A new life of Balzac was published in Paris in 1944. It is called simply Vie de Balzac and is by André Billy. This biography contains nothing new, but it gathers all the immense biographical material in a couple of volumes. Its detail is as lively and exhaustive as a Balzac novel; the manner is warm but sceptical, thorough but not dry. Very rightly, M Billy looks twice and three times at everything Balzac said about his life, for he is dealing with the hallucinations of the most extraordinary egotist in the history of literature. One can imagine a less diffuse biography; one in which the picture of his time played a greater part and where every detail of a chaotic Bohemian career was not played up to the same pitch. But given the gluttony of Balzac’s egotism and the fertility of his comedy, one is not inclined to complain.

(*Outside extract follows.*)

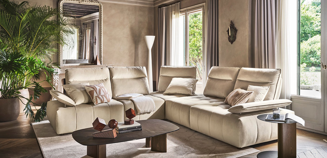 Equipe est un système de canapé qui allie impact esthétique et confort. Doté d’un matelassage et de coutures exclusivement sur mesure, il est équipé d’un dossier mobile qui augmente considérablement la profondeur de l’assise, tandis que l’accoudoir est réglable en trois positions pour un confort personnalisé. La possibilité de combiner plusieurs composants, dont une chaise longue, un angle à 90° et un pouf, en fait un système polyvalent qui peut être personnalisé en fonction de vos besoins.

Like the tones of bronze and antiques – Balzac estimated the weight and value of himself with the care of an auctioneer’s valuer – with which he darkened the house he finally took for Madame Hanska when he had got his hands on some of her fortune, the novels of Balzac weigh upon the memory. The reader is exhausted as the novelist by the sheer weight of collection. One is tempted to see him as the stolid bulldozer of documentation, the quarrying and expatiating realist, sharpening his tools on some hard view of his own time. He seems to be stuck in his task. Yet this impression is a false one, as we find whenever we open a novel of his again. Balzac is certainly the novelist who most completely exemplifies the ‘our time’ novelist, but not by his judgements on society. He simply is his time. He is identified with it, by all the greedy innocence of genius. The society of rich peasants brought to power by revolution and dictatorship, pushing into business and speculation, buying up houses and antiques, founding families, grabbing at money and pleasure, haunted by their tradition of parsimony and hard work, and with the peasant’s black and white ideas about everything, and above all their weakness for fixed ideas, is Balzac himself. He shares their illusions. Like them he was humble when he was poor, arrogant when he was rich. As with them, his extravagance was one side of the coin; on the other was the face of the peasant miser. The cynic lived in a world of romantic optimism. We see the dramatic phase of a century’s illusions, before they have been assimilated and trodden down into the familiar hypocrisies. To us Balzac’s preoccupation with money appears first to be the searching, scientific and prosaic interest of the documentary artist. On the contrary, for him money was romantic; it was hope and ideal. It was despair and evil. It was not the dreary background, but the animating and theatrical spirit.